Battlefield is a late work, highly stylized and simplified to the bare bones, frighteningly direct and emotionally opaque -- the feelings represented in the play are signified by minimalist gestures and seem to come to us from a great distance. Brook is 92 and, as in many late works, he doesn't waste time getting to his points -- there isn't much time remaining. There is no circumlocution and no unnecessary clutter -- the play proceeds according to its laws efficiently and with as little fuss as possible. If this kind of theater speaks to you, you will be powerfully moved, indeed, almost moved to speechlessness, my reaction to this theater-piece. If Brook's austere and highly abstract staging seems too little too late, then, the play will bore you. Some audiences, I have learned from reviews, are rapt. Others snore. The work is a small pendant to Brook's magnum opus, his Mahabharata staged in the mid-eighties by a Parisian theater company at an abandoned quarry in Avignon, a nine-hour spectacle that famously began at dusk and ended at dawn. Battlefield is a sort of appendix to the play, an account of the aftermath of the colossal battle between the Pandavas and the Kauravas, the conflict that ends their world but is the inception of our history, as Brook proclaimed "the universal poetic history of the human race." Battlefield begins with the survivors of the apocalyptic war wandering the abbattoir where 18 million have perished, many massacred by weapons of mass destruction harnessing the power of the sun. The blind King Dritarashtra, the last of the Kauravas, has lost all 100 of his sons in the final battle. He encounters the victorious, Yudishtira, the sole survivor the five Pandava brothers. Battlefield recounts their encounter and, then, chronicles the education of Yudishtira, the new King who must reinstitute the Dharma, here translated as "Justice," in the ruined world. The 70 minute play shows us how Yudishtira is taught the Dharma and the way forward forged by the few, shattered survivors.

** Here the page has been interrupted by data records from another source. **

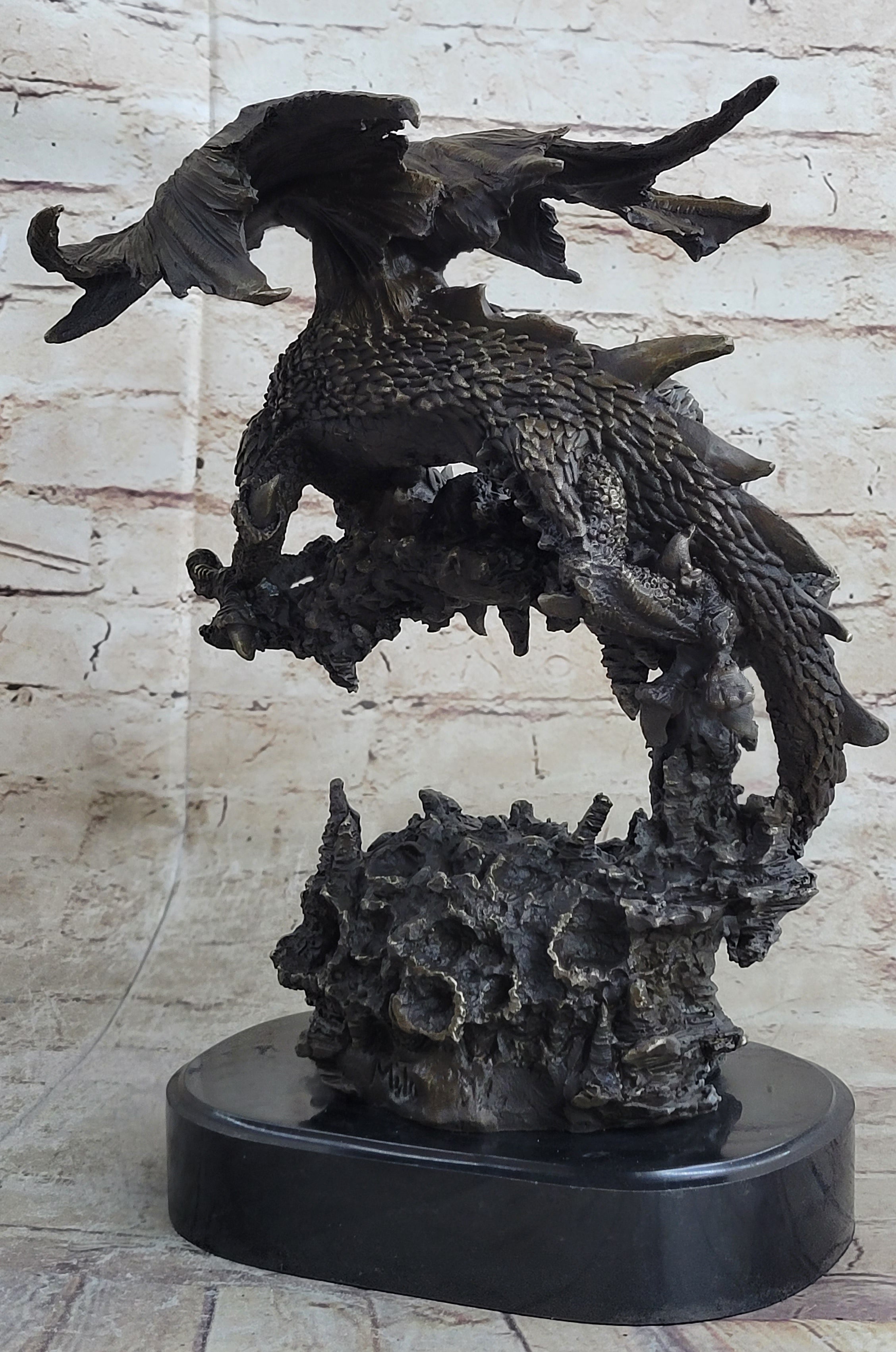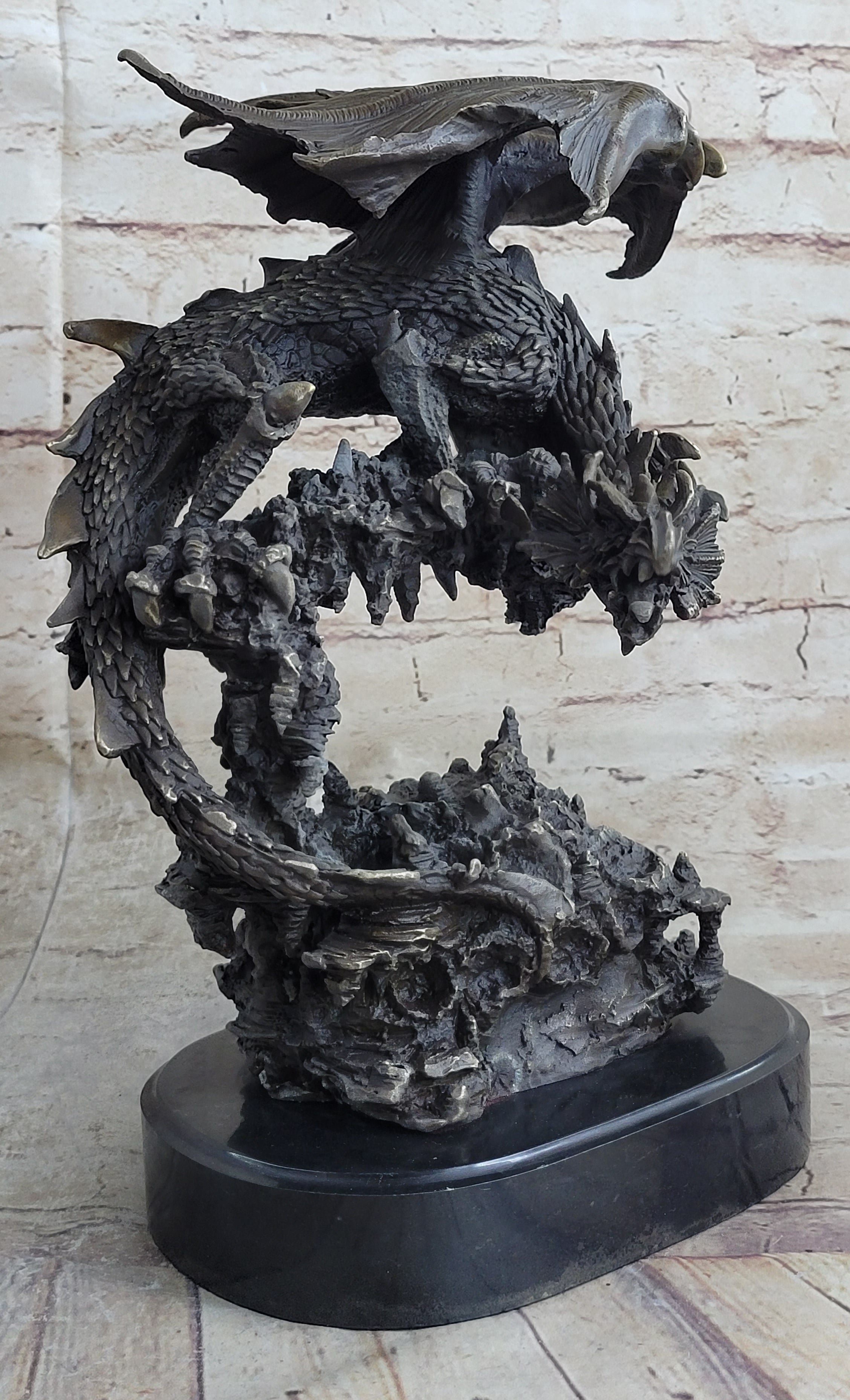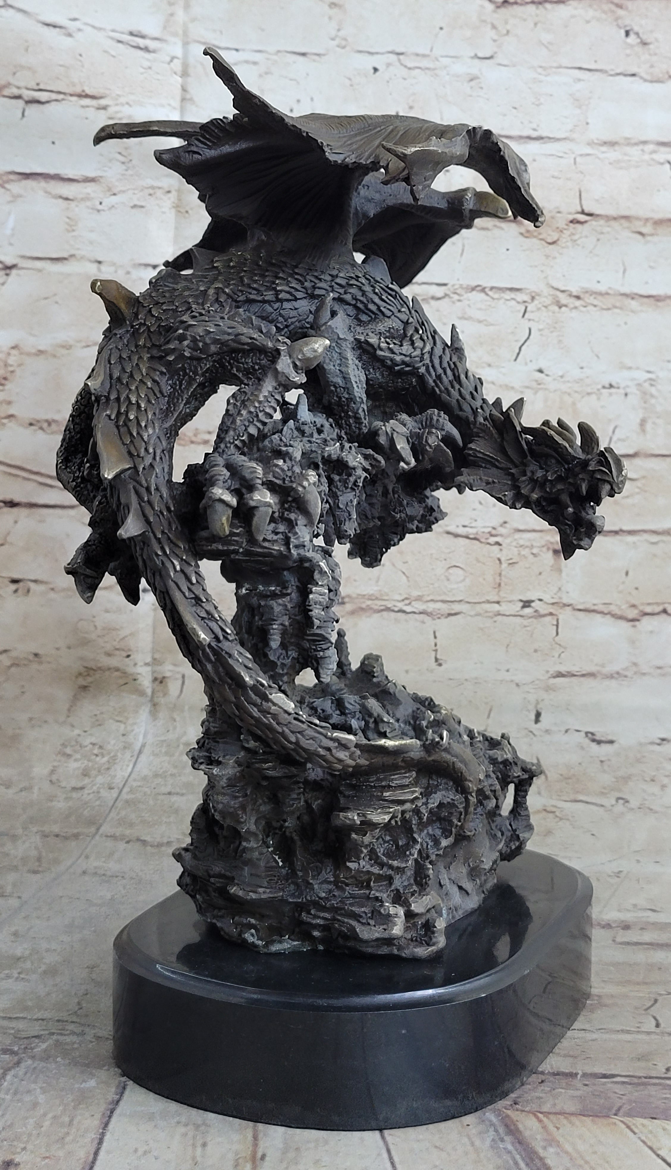 Signed Original Mythical Flying Dragon Bronze Sculpture Statue Hand Crafted Sale
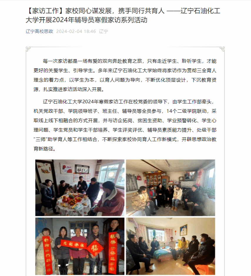 編者按:遼寧高校思政微信公眾號對我校開展家校同心謀發展,攜手同行共育人——2024年輔導員寒假家訪系列活動進行了宣傳報道。現將相關報道轉載如下:
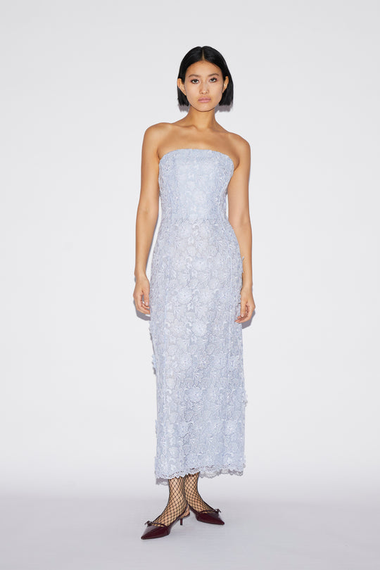 LORETTA DRESS PERIWINKLE EMBROIDERED COTTON

I'm unsure how much of this is new to this play and how much of the text is borrowed from Jean-Claude Carriere's original text for the nine-hour production of the Mahabharata, the source for the parables and anecdotes that comprise Battlefield. (Carriere is the French surrealist who wrote six of Bunuel's late movies and other renowned film scripts including the screenplay for Philip Kaufman's The Unbearable Lightness of Being.) I have a book with some of the script from the original production of the Mahabharata and can recognize that, at least, one episode from Battlefield is lifted verbatim from the earlier play -- although I'm sure the staging is radically different. The play concerns Yudishtira's getting of wisdom and, in fact, ends with someone whispering to him the transcendental truth, presumably the wisdom of the Dharma to him. (Of course, there is a distinct suspicion that what is whispered in his ear is only the entirety of the Mahabharata, the ancient Sanskrit scripture and compendium of all knowledge reputedly 15 times the length of the Bible.) Brook uses four actors, three men and one woman, who play many roles, most of them animals or supernatural beings -- the characters have to play the parts of a mongoose, pigeon, falcon, a worm and a snake. The actors, three of them African (or of African descent) and one white, move with great and deliberate gravity across an empty stage -- it's strewn with some broken wood and there are three clumps of bamboo posts at the back of the space. A Japanese master musician, Toshi Tsuchitori, plays a drum -- it's probably worth the price of admission to see him perform. Tsuchitori gets symphonic effects from his drum and his work punctuates the show and, in fact, provides its symbolic denouement. He sits on a chair about eight feet from the actors: sometimes, his drum sounds percussive, like rifle shots -- other times, he simulates the patter of feline paws on the jungle floor, the rustle of a forest fire, the rhythmic movement of men and women walking over the earth. At the show's end, he drums so rapidly that his hands become a pale lotus-shaped blur of motion.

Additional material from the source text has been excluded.